The method `file.read()` reads the content of the file and returns a string containing all characters in the file.
**Note-1:** The size of the file could be large enough to fit in the main memory. In such cases one can specify the number of characters to be read, or maybe read one line at a time.
**Note-2:** Its always better to `close()` the file once you are done processing the file contents.

In [28]:
fPtr = open('WhipHoverTweets.txt', 'r')

print fPtr.read()

fPtr.close()

1500128720 Happy_Birthday_to_You Germanic_strong_verb Human_voice Middle_class 
1500132526 Politics Partisan_(political) 
1500215327 Happy_Birthday_to_You Friendship Chairman Manufacturing Caucus 
1500218055 Happy_Birthday_to_You Friendship Chairman Australian_Democrats Party_leaders_of_the_United_States_House_of_Representatives Task_force Poverty Income Economic_inequality Opportunity_(rover) 
1500227651 File_sharing Narrative Impact_event 
1500297327 History_of_the_United_States_Republican_Party History_of_the_United_States_Republican_Party Arab_Spring Impact_event United_States Family United_States Familie 
1500308034 Today_(U.S._TV_program) Floor United_States_House_of_Representatives United_States_House_of_Representatives Act_of_Parliament 
1500308105 United_States_federal_budget Complete_game 
1500309658 Happy_Birthday_to_You Friendship Family Social_vulnerability 
1500320032 United_States Patient_Protection_and_Affordable_Care_Act Film_adaptation Walter_Cronkite Insurance 



To read only specific number of characters from a file, one can add an **int** argument to the `read()` function as follows:

In [29]:
fPtr = open('WhipHoverTweets.txt', 'r')

print fPtr.read(7)

1500128


In [30]:
fPtr = open('WhipHoverTweets.txt', 'r')

for line in fPtr:
    print line.strip()

1500128720 Happy_Birthday_to_You Germanic_strong_verb Human_voice Middle_class
1500132526 Politics Partisan_(political)
1500215327 Happy_Birthday_to_You Friendship Chairman Manufacturing Caucus
1500218055 Happy_Birthday_to_You Friendship Chairman Australian_Democrats Party_leaders_of_the_United_States_House_of_Representatives Task_force Poverty Income Economic_inequality Opportunity_(rover)
1500227651 File_sharing Narrative Impact_event
1500297327 History_of_the_United_States_Republican_Party History_of_the_United_States_Republican_Party Arab_Spring Impact_event United_States Family United_States Familie
1500308034 Today_(U.S._TV_program) Floor United_States_House_of_Representatives United_States_House_of_Representatives Act_of_Parliament
1500308105 United_States_federal_budget Complete_game
1500309658 Happy_Birthday_to_You Friendship Family Social_vulnerability
1500320032 United_States Patient_Protection_and_Affordable_Care_Act Film_adaptation Walter_Cronkite Insurance


## Reading multiple files from a folder

Method `listdir(path)` returns a list of elements present in the directory given by path. 
The list is in arbitrary order.
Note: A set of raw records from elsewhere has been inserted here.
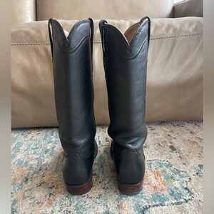 Step out in timeless Western elegance with these Tecovas “The Harper” boots in classic black. Crafted from beautiful, premium calfskin leather, these boots have been very well cared for. Main wear is scuffing at front of sole - (underside of boot) - this does help make them less slippery. A classic silhouette that pairs effortlessly with denim, dresses, or skirts. This style is no longer made and is probably the most versatile classic boot!
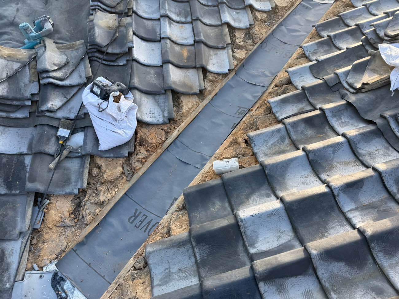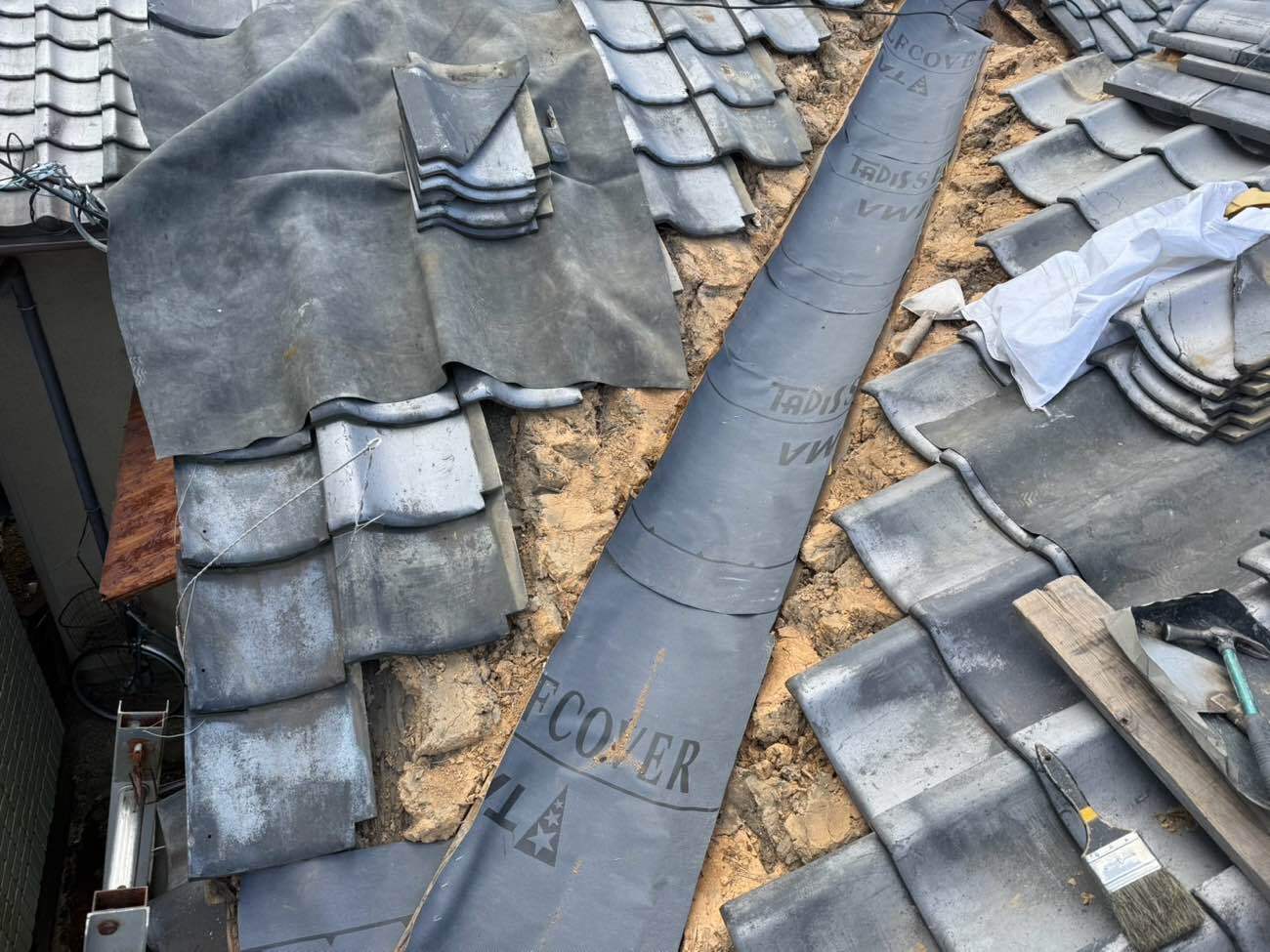 ③撤去後、ルーフィング(防水シート)を施工しました。
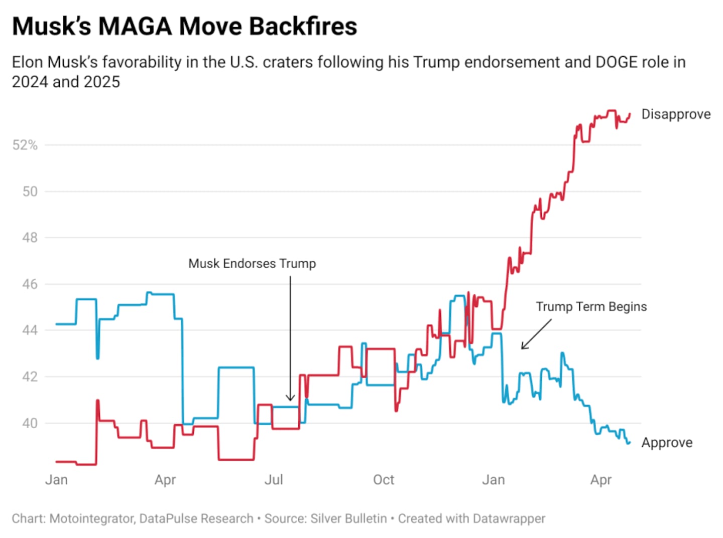 There are several factors driving Tesla's decline, but consumer sentiment appears to play a key role. Recent U.S. public opinion polls underscore this point: Elon Musk's approval ratings dropped sharply following his endorsement of Donald Trump in mid-2024. By early 2025, disapproval had overtaken approval.

It does not include the special entries **.** and **..**.
To use the `listdir(path)` method one has to import **os** module.

In [31]:
import os

for fileName in os.listdir("./"):
    # getting the list of text files only...
    if fileName.endswith(".txt"): 
        print(fileName)

WhipHoverTweets.txt
aguilarpeteTweets.txt
WhipHoverTweets_copy.txt


## Writing to a file

To write contents to a file one can use the in-built `write()` method which accepts a string as an argument.
Here is an example which writes the content of one file to another line by line:

In [32]:
fPtrWrite = open('WhipHoverTweets_copy.txt', 'w')
fPtrRead = open('WhipHoverTweets.txt', 'r')

for line in fPtrRead:
    fPtrWrite.write(line)
    
fPtrWrite.close()
fPtrRead.close()

# check if the contents are copied to the new file...
fPtrRead = open('WhipHoverTweets_copy.txt', 'r')

for line in fPtrRead:
    print(line.strip())
    
fPtrRead.close()

1500128720 Happy_Birthday_to_You Germanic_strong_verb Human_voice Middle_class
1500132526 Politics Partisan_(political)
1500215327 Happy_Birthday_to_You Friendship Chairman Manufacturing Caucus
1500218055 Happy_Birthday_to_You Friendship Chairman Australian_Democrats Party_leaders_of_the_United_States_House_of_Representatives Task_force Poverty Income Economic_inequality Opportunity_(rover)
1500227651 File_sharing Narrative Impact_event
1500297327 History_of_the_United_States_Republican_Party History_of_the_United_States_Republican_Party Arab_Spring Impact_event United_States Family United_States Familie
1500308034 Today_(U.S._TV_program) Floor United_States_House_of_Representatives United_States_House_of_Representatives Act_of_Parliament
1500308105 United_States_federal_budget Complete_game
1500309658 Happy_Birthday_to_You Friendship Family Social_vulnerability
1500320032 United_States Patient_Protection_and_Affordable_Care_Act Film_adaptation Walter_Cronkite Insurance


## split() method

`someString.split(' ')` method is one of the most commonly used method to process the contents of the file.
`split()` method accpets a **delimiter** character.
In order to **split** the contents of the line on **space**, following is an example:

In [33]:
fPtr = open('WhipHoverTweets.txt', 'r')

for line in fPtr:
    fields = line.split(' ')
    print fields
    
fPtr.close()

['1500128720', 'Happy_Birthday_to_You', 'Germanic_strong_verb', 'Human_voice', 'Middle_class', '\n']
['1500132526', 'Politics', 'Partisan_(political)', '\n']
['1500215327', 'Happy_Birthday_to_You', 'Friendship', 'Chairman', 'Manufacturing', 'Caucus', '\n']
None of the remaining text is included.